Among the entries below, retype exactly the lines starting with the one with "เฮอร์ริเทจ สุขุมวิท 59" and going on through the one with "渋皮付きの栗を生地に練り込ん", but not the pictures.

────────────────────

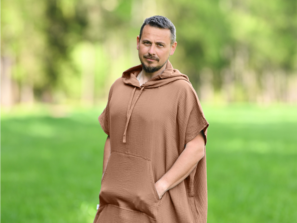 Pánské mušelínové pončo v hnědé barvě připomíná stabilitu a klid přírody. Díky hebkému materiálu ze 100% bavlny se příjemně nosí a zároveň zahřeje, když je potřeba. Je to kousek, který oceníte v sauně, na chalupě nebo při večerním odpočinku, kdy chcete mít jistotu pohodlí bez zbytečností.
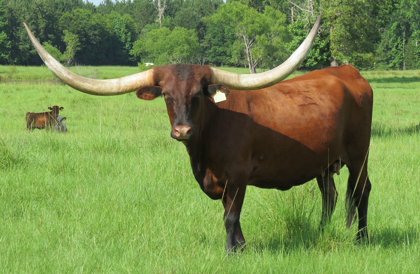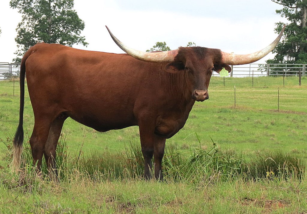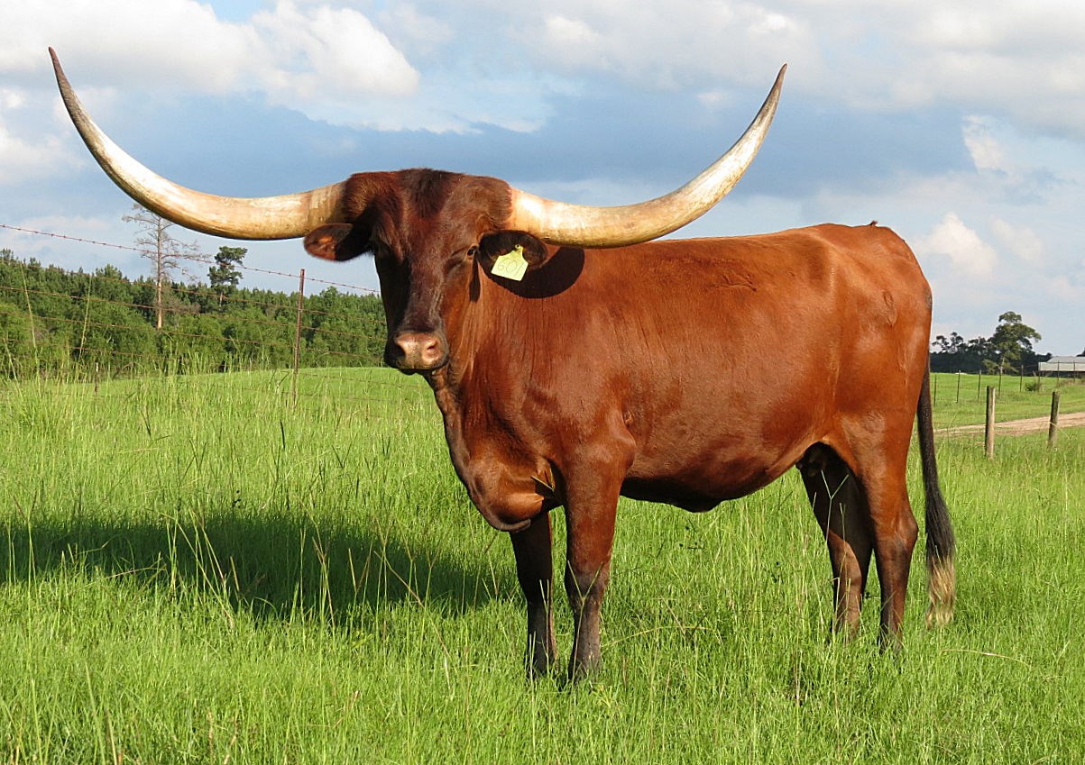 Ring Adelita is a beautiful deep red and those horns make her stand out in the pasture. She’ll stop more traffic than a dead man as Colonel Eddie Wood would say. She raises a good calf each year. She has 79” ttt and over 105” total horn. Ringman offspring have sold for more than $340,000
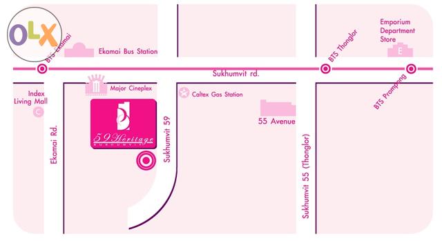 เฮอร์ริเทจ สุขุมวิท 59 คอนโด บน ถนนสุขุมวิท ซอย 59 ห่างจากสถานีรถไฟฟ้า BTS ทองหล่อ ประมาณ 300 เมตร สิ่งอำนวยความสะดวก มีสวนหย่อม, ระบบกันขโมย, สระว่ายน้ำ, Fitness มีระบบรักษาความปลอดภัยสำหรับการเข้าออกด้วย คีย์การ์ดพร้อมโทรทัศน์วงจรปิด
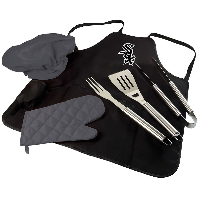 Picnic Time Chicago White Sox BBQ Apron, Utensil & Tote Set, BlackYou'll be a BBQ master on game day or any day with this Chicago White Sox apron and utensil set from Picnic Time.PRODUCT FEATURES Team logo graphic Includes: apron, spatula, fork, tongs, chef's hat & oven mitt Apron folds into a carrying tote Polyester, stainless steel Wipe clean Imported Shop our full assortment of ChPicnic Time
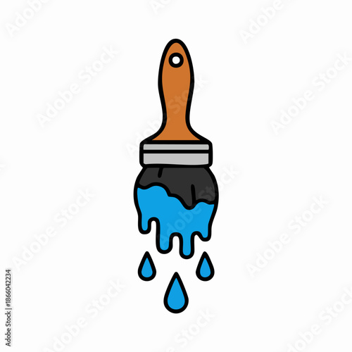 Obraz premium Cartoon Paintbrush Dripping Blue Paint Illustration Icon
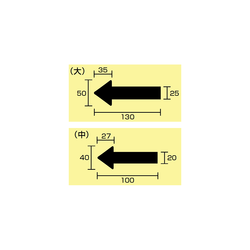 ■寸法図(mm)/JIS配管識別方向ステッカー 矢印型 大サイズ/中サイズ
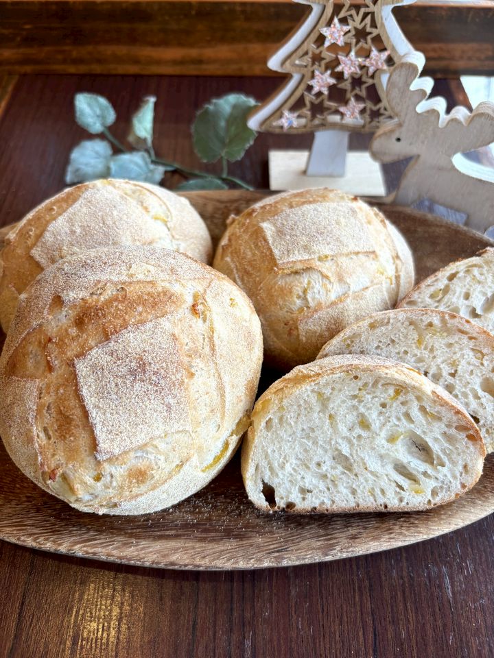 渋皮付きの栗を生地に練り込んで噛むほどに栗を感じるパンに仕上がりました。毎年人気のハードパンです!
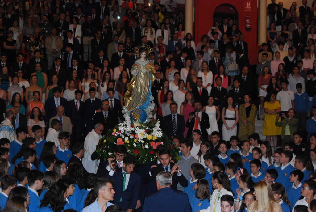La procesión de la Virgen del Colegio desde la Capilla hasta los jardines, portada por distintos grupos de alumnos de 2º de Bachillerato, el canto de la Salve con todos los alumnos, docentes, personal y familias junto a la fachada del Colegio, la llegada de la Virgen al salón de actos convertido en templo donde celebrar la Eucaristía en comunidad y en un día tan especial… todos y cada uno de los momentos vividos esta mañana tenían ese aroma del Colegio más familiar. Una nueva despedida de Bachillerato nos acerca a un nuevo final de curso, que, como es habitual, será especialmente marcado para quienes dejan de ser alumnos del Colegio y comienzan una nueva etapa en sus vidas.
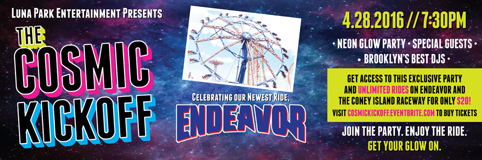 The “Cosmic Kick-Off party” celebrating the new ride will take place at 7:30pm. Besides the Endeavor, you’ll also get unlimited rides on the Luna Park Raceway, as well as the music, dancing and fun!

────────────────────

* Output below
 เฮอร์ริเทจ สุขุมวิท 59 คอนโด บน ถนนสุขุมวิท ซอย 59 ห่างจากสถานีรถไฟฟ้า BTS ทองหล่อ ประมาณ 300 เมตร สิ่งอำนวยความสะดวก มีสวนหย่อม, ระบบกันขโมย, สระว่ายน้ำ, Fitness มีระบบรักษาความปลอดภัยสำหรับการเข้าออกด้วย คีย์การ์ดพร้อมโทรทัศน์วงจรปิด
 Picnic Time Chicago White Sox BBQ Apron, Utensil & Tote Set, BlackYou'll be a BBQ master on game day or any day with this Chicago White Sox apron and utensil set from Picnic Time.PRODUCT FEATURES Team logo graphic Includes: apron, spatula, fork, tongs, chef's hat & oven mitt Apron folds into a carrying tote Polyester, stainless steel Wipe clean Imported Shop our full assortment of ChPicnic Time
 Obraz premium Cartoon Paintbrush Dripping Blue Paint Illustration Icon
 ■寸法図(mm)/JIS配管識別方向ステッカー 矢印型 大サイズ/中サイズ
 渋皮付きの栗を生地に練り込んで噛むほどに栗を感じるパンに仕上がりました。毎年人気のハードパンです!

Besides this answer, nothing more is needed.